前提:費用を左右する「支援フェーズ×自社規模×コンサル規模」の3軸
コンサルティングの費用は、「どのフェーズまで依頼するか(支援範囲)」「プロジェクトの対象規模(規模別)」「依頼先の企業の大きさ(会社分類)」という3つの軸で決まります。
例えば、単なるアドバイスだけでなく、MVPなどのシステム開発や事業基盤構築まで伴走してもらう場合、エンジニアの稼働も含まれるため、全体的な費用は必然的に高くなります。
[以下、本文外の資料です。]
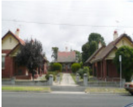
ALEXANDER MILLER MEMORIAL HOMES SOHE 2008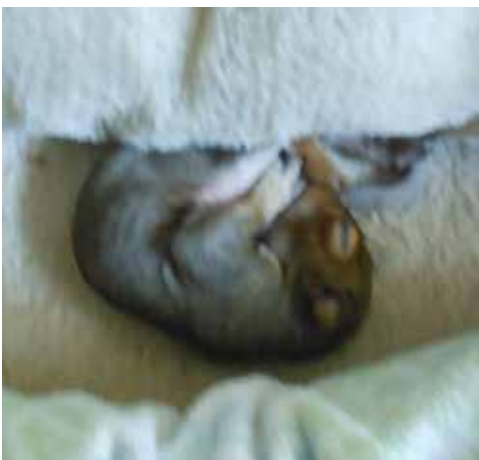
"Fred" the baby squirrel nestled in towels.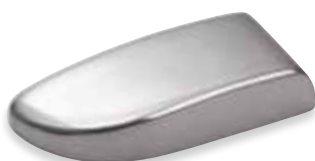
HD2548 THIN TOE DOLLY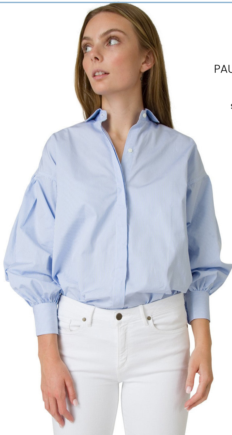
PAULINA SHIRT IN SKY SMALL BENGAL STRIPE & WHITE $250/ Sale $200

市場調査や特許調査から始める企画・アイデア創出フェーズの費用
新しいビジネスの種を見つける企画・アイデア創出フェーズでは、市場調査、競合分析、特許調査などをコンサルタントが行います。
【企画・要件定義フェーズの費用目安】
| プロジェクト規模 | 費用目安 | 期間目安 |
|---|---|---|
| 小規模 (業務改善・要件定義・単機能ツール) | 300万〜500万円 | 1〜3か月 |
この段階での小規模な要件定義や調査業務は、おおよそ300万〜500万円(期間目安1〜3か月)が相場となります。自社のリソースだけでリサーチを行うのが難しい場合に、プロの視点を取り入れるための初期投資として有効です。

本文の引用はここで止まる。